Clinical trials usually require participants who do not have other health problems that could influence the effectiveness of the treatment, or whose disease has not progressed to an advanced stage. This may exclude people of color, who are more likely to have multiple chronic conditions.

In addition, doctors are less likely to recommend clinical trials to African-American and Latino patients, who they assume won’t be eligible, Guerra found in research to be published in June in the Journal of Clinical Oncology.

“These unconscious biases really underestimate the fact that individuals would want to participate if it was offered to them,” he said.

He offered a solution: rules for when in the treatment process doctors should talk to patients about participating in trials.

There are other ways to make clinical trials easier for patients, especially people of color, said Elizabeth Plimack, deputy director of the Fox Chase Cancer Center.

For example, cancer trials tend to overuse placebo, that is, with some participants receiving the new treatment and others receiving the current standard of care, he said. This uncertainty can put off those who are already wary of being part of a medical experiment, she said.

In many cases, the placebo is not needed to prove the effectiveness of cancer treatments. And when it is, the study protocol could then tell patients which group they were in.

“There’s a 50 percent chance that you’ll get there and get an IV of saline,” Plimack said of studies using placebo. “I think we can make trials better for patients.”

Another entrenched obstacle to clinical trial diversity is mistrust in medicine, rooted in a history of medical experimentation in marginalized communities and racism in health care. People repeatedly tell Guerra that they don’t want to be “guinea pigs” and “test subjects.”

“There is a spectrum of trust and you have to earn it,” he said.

That starts by validating the fear and mistrust that people may have about clinical trials.

When Guerra speaks to communities about clinical trials, his presentation includes slides about Pennsylvania dermatologist Albert Kligman’s experiments with inmates at Philadelphia’s Holmesburg Prison between 1951 and 1974. He shows photos of the men with patches of skin missing in the back. He then discusses how medical research policies have changed to ensure that unethical experiments never occur again.

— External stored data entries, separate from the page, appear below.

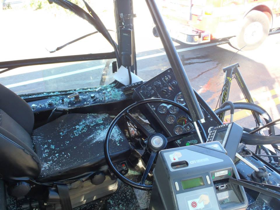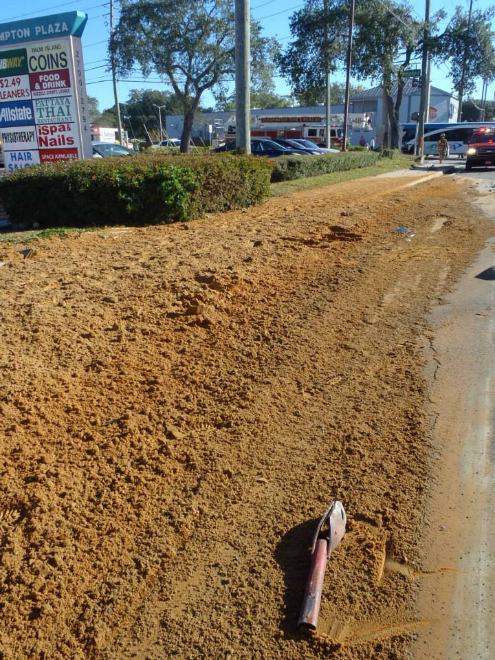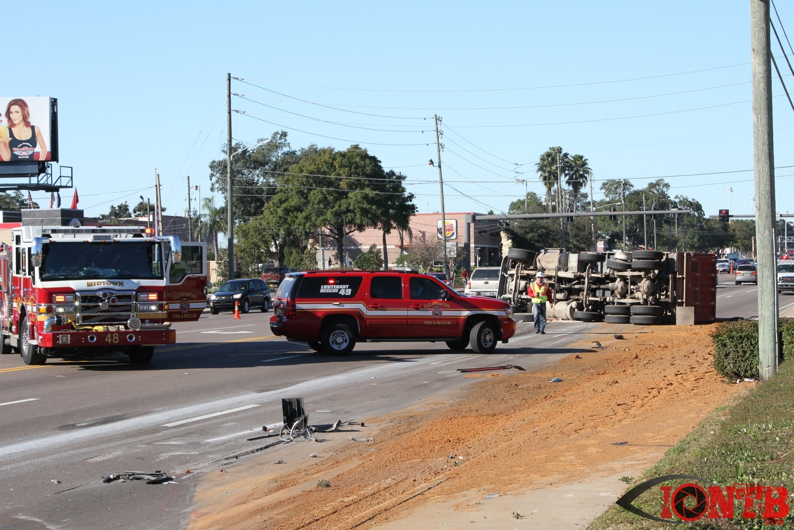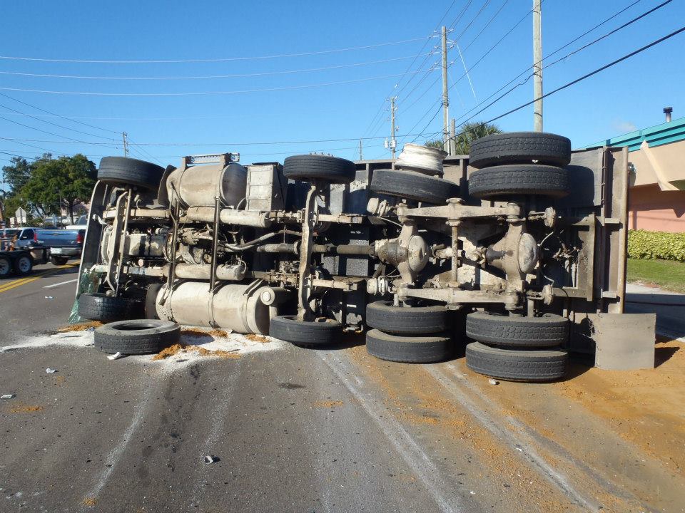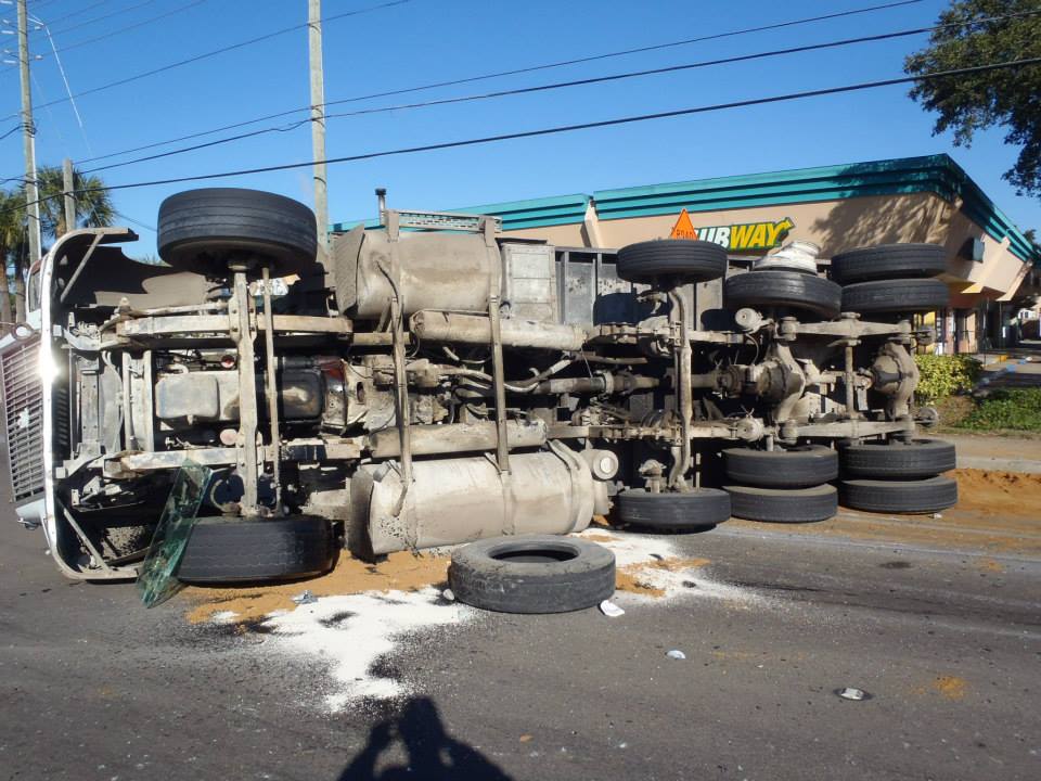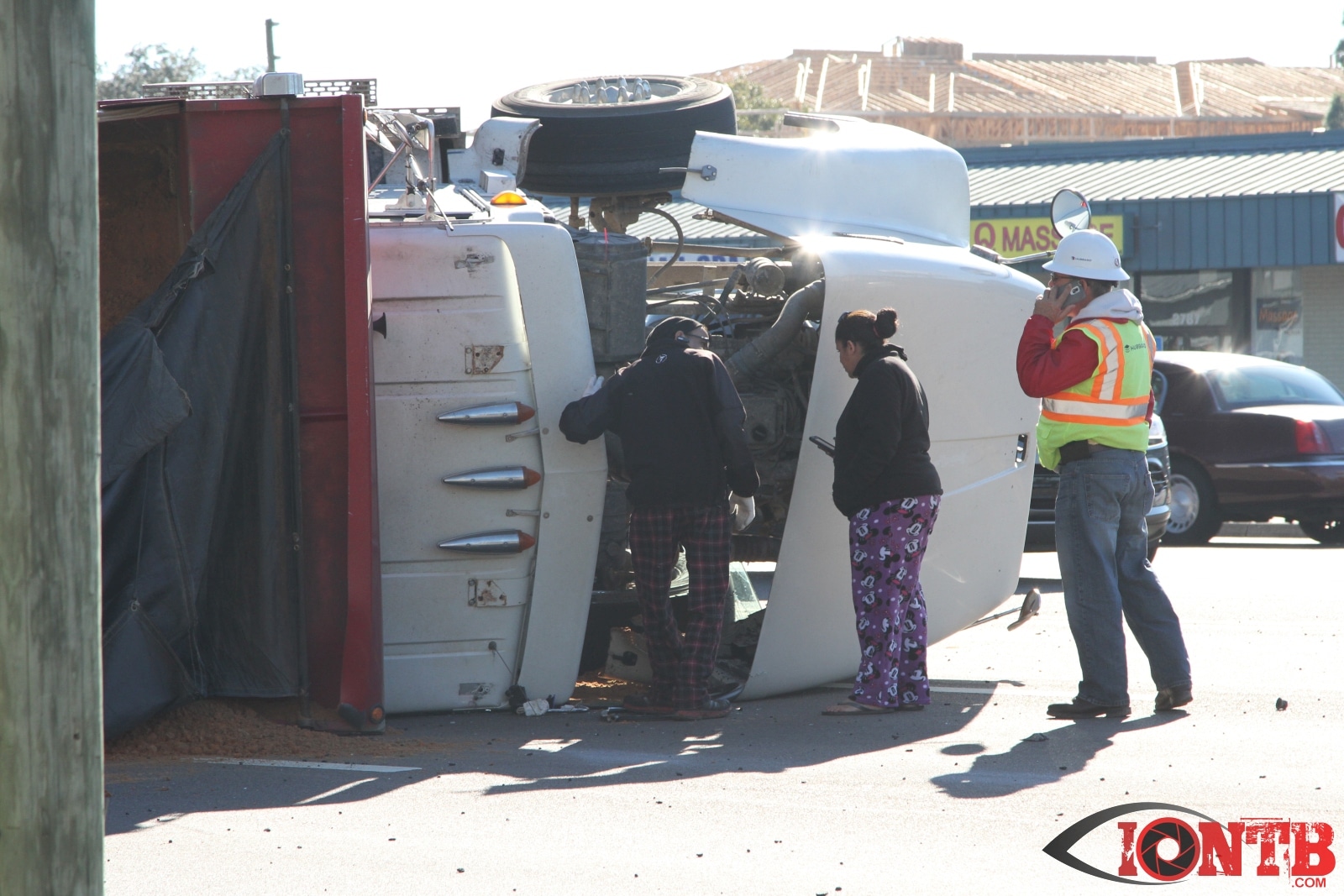According to Clearwater Police Department, the dump truck was traveling westbound on Gulf to Bay and ran the red light. The PSTA bus was travelling eastbound and trying to make a left turn onto Hampton Road. Â The dump truck, which was hauling a load of dirt, overturned after the collision and slid about 250 ft on its side. Â The dirt and spills of oil and antifreeze had to be cleaned from the roadway, which closed most lanes for more than three hours.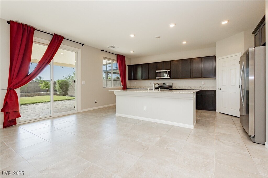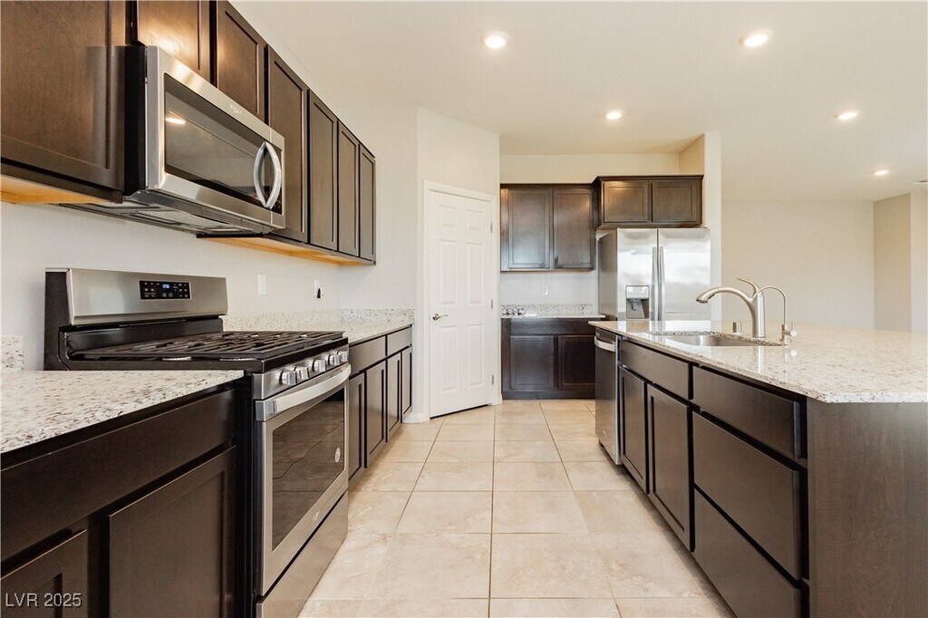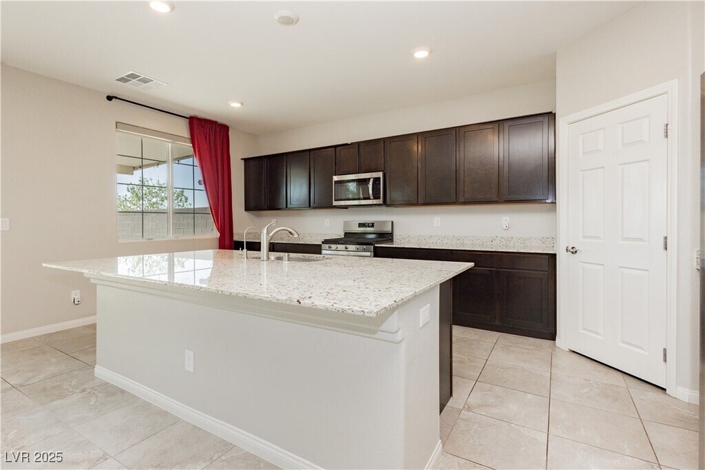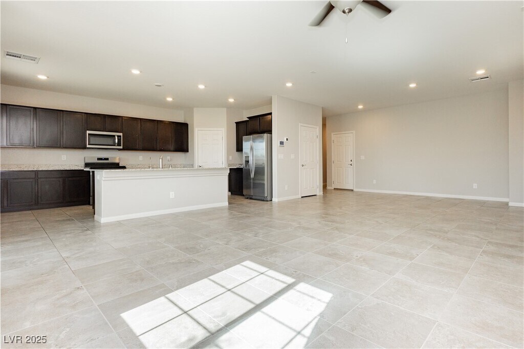 Open Concept and Move-in ready inside gated Gemini Pointe!! Directly across from Galaxy Park with grassy fields, shaded play areas, courts and more. This bright two-story blends open-concept living with thoughtful upgrades. The island kitchen offers extended cabinetry and counter space, granite countertops, stainless steel appliances, pantry, and a breakfast bar that opens to spacious living and dining areas ideal for everyday life and entertaining. Upstairs, a huge loft/flex room anchors the bedroom level. The oversized primary suite features a walk-in closet and walk-in shower; secondary bedrooms are nicely sized, and the laundry room is upstairs. Extra storage includes under-stair and hallway closets. Outside, enjoy a large private backyard with a covered paver patio, real lawn, mature trees, and no rear neighbors. Just minutes to retail, dining, and quick access to 215, I-15, and US-95.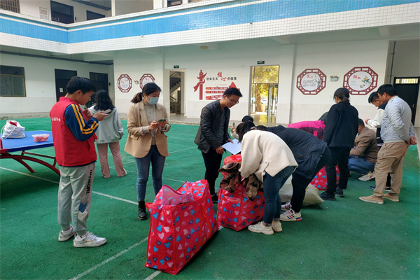 镇政府相关负责人对资环学院青协的到来表示热烈的欢迎,同时对我院青协的爱心行为表示高度的赞赏,资环学院青协会长锺胜悦作为代表发言。在捐赠环节,各村代表从大学生志愿者手中接过干净整洁的军训服,他们的脸上露出了朴实的笑容,台下也响起了热烈的掌声。在大学生志愿者与镇政府相关负责人以及各村代表合影留念后,各村代表表示感谢,并将分发到的军训服带回各自的村里。据悉,回收的所有军训服全部用于捐赠给府城镇各村的一些贫困人员。
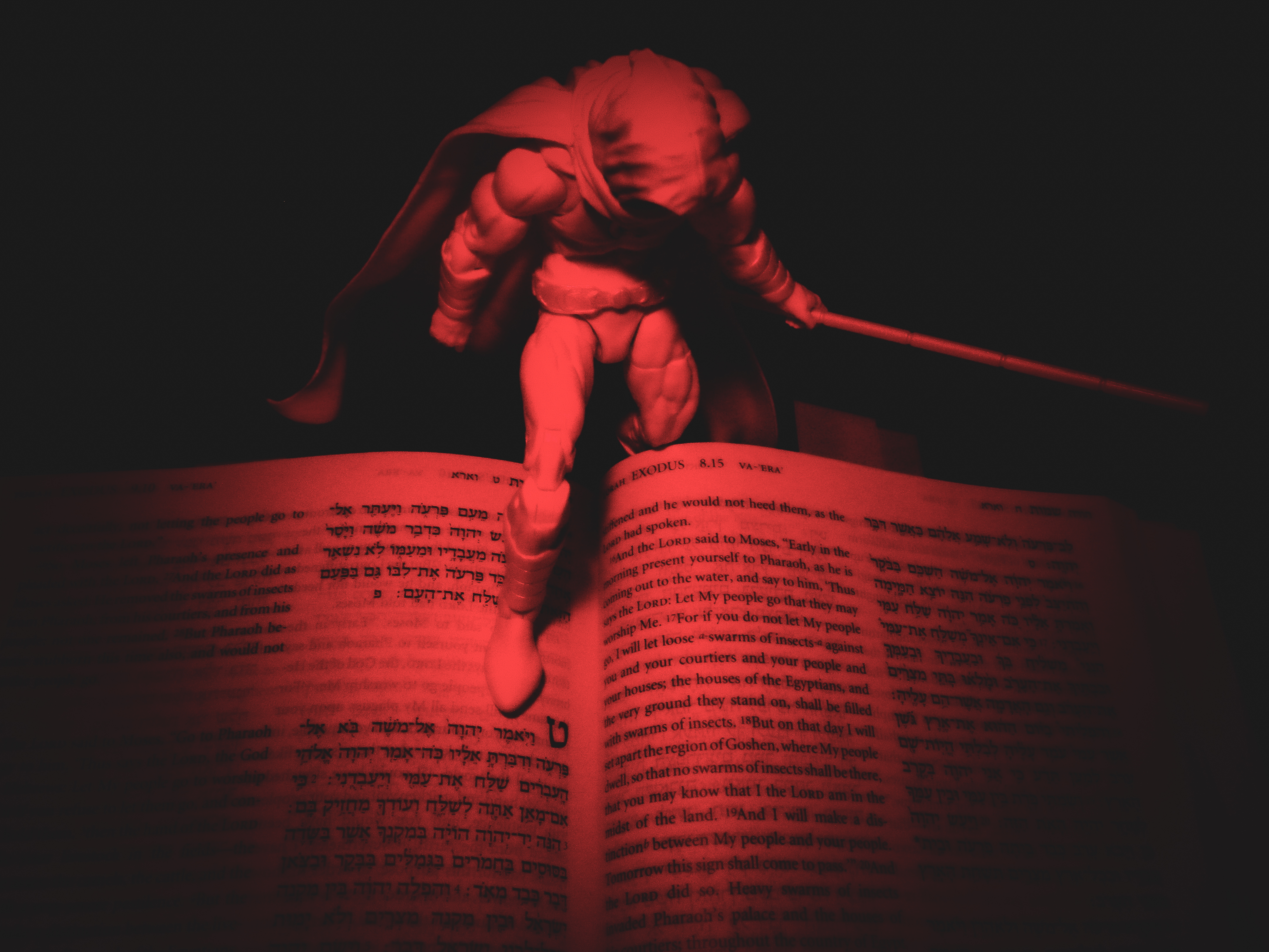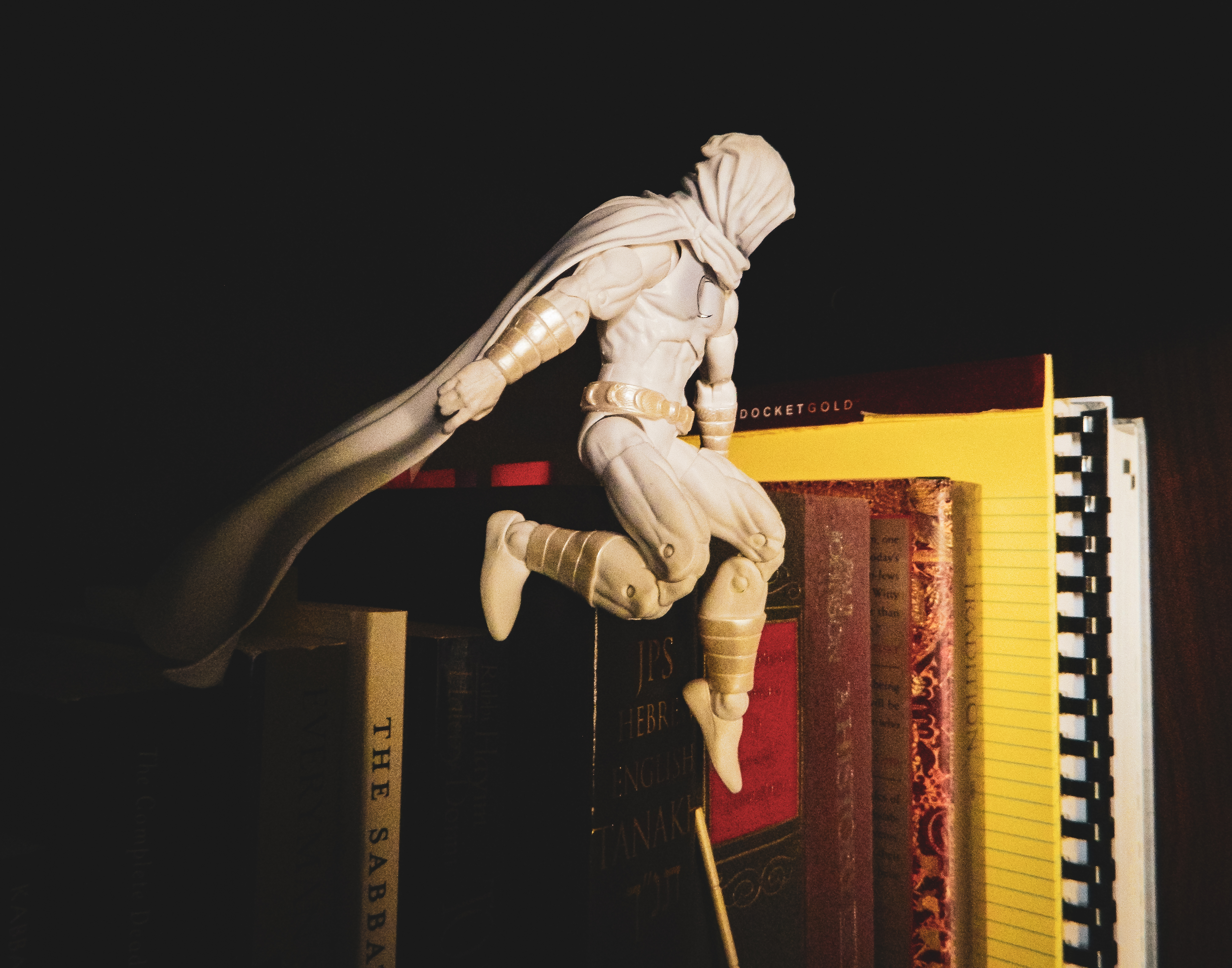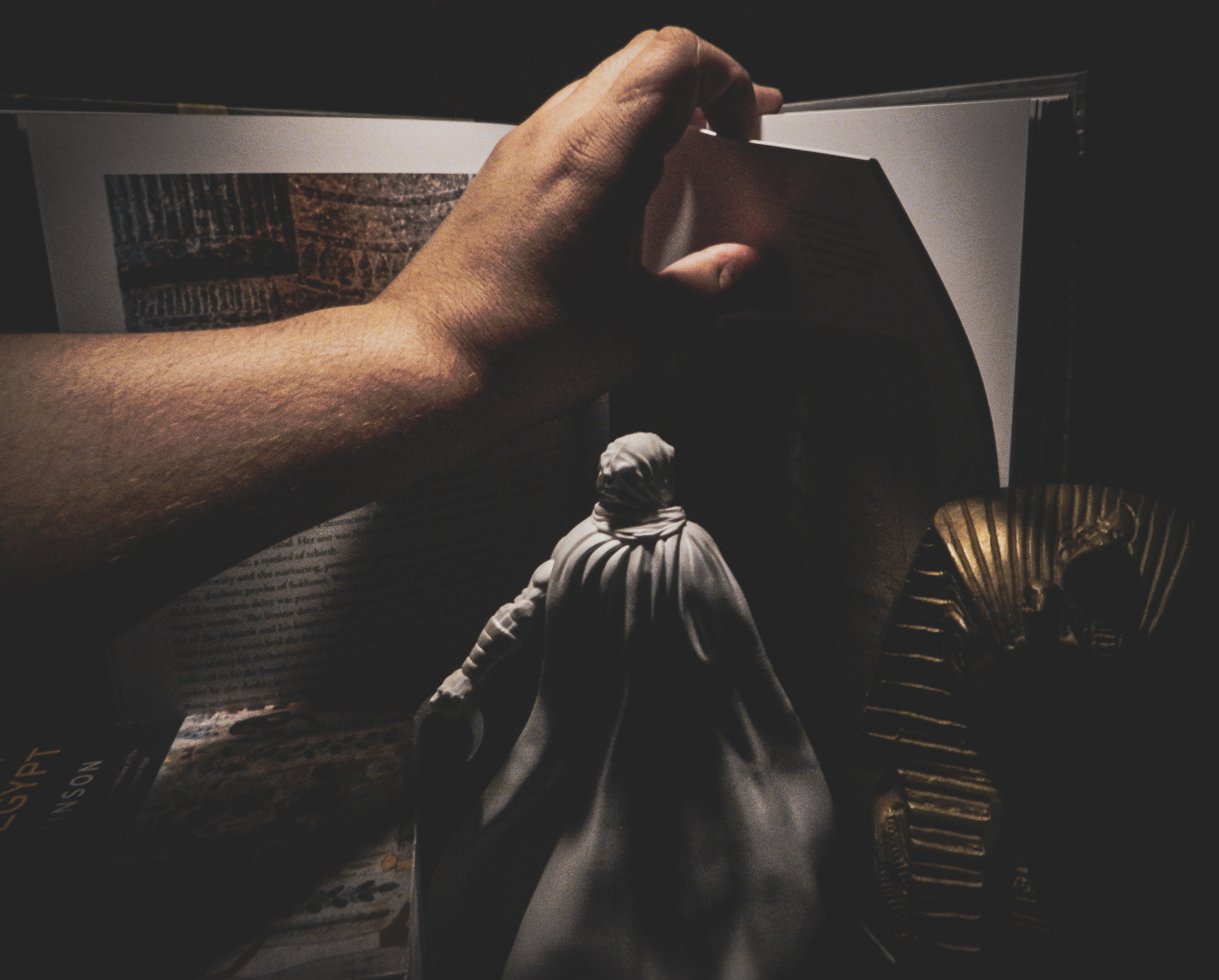 “I grew up on The Prince of Egypt (1998) and The Mummy (1999), so I was obsessed with Egyptian mythology right away, like a lot of kids were, I’m sure. My Mom bought me that interactive Egyptology book that was a part of the ‘ologies’ series from the book fair at school and I couldn’t put it down. This ancient culture was just so fascinating to me. When I was an adult, my attention went back to the ancients when I became aware of Shakespeare’s Antony and Cleopatra and Marvel’s Moonknight. I was tickled to know that Marc Spector was actually a Jewish superhero who nonetheless relied on an Egyptian deity for his powers. Stan Lee was Jewish too, by the way. I like to think if I had a more Jewish childhood I would’ve played with Moonknight action figures sooner or at least had this character’s kickass journey in my life longer. Better late than never.”

Guerra runs an “ambassador” program that trains former patients, study participants, and family members to connect with underrepresented patient communities.

Conner and her daughter participate in a similar ambassador program at the Fox Chase Cancer Center.

They go to churches and share their personal stories through the nonprofit they created, Praise Is the Cure, to help people feel comfortable asking questions they might not want to ask doctors.

Matchett, now 47, underwent a double mastectomy in 2008 to treat her aggressive type of cancer. At that time, she was 33 years old and had a two-year-old daughter. Nearly a decade later, the cancer recurred in her lungs, and in 2020, she spread to her spine.

Matchett’s first reaction was tears, then gratitude to her mother, whose participation in a clinical trial helped doctors learn more about how to treat the next generation of breast cancer patients.

“There was no way I could go through all the treatment procedures my mother did,” Matchett recalls. “And the doctor told me, ‘You won’t have to do any of that because of all the advances.’

Matchett now has three children, ages 16, 11 and 10, who she says have never known a mother without cancer.

Matchett and her doctors are exploring clinical trial options in addition to chemotherapy, because she wants her children to see her resilience and her determination to help herself and others, like her mother did.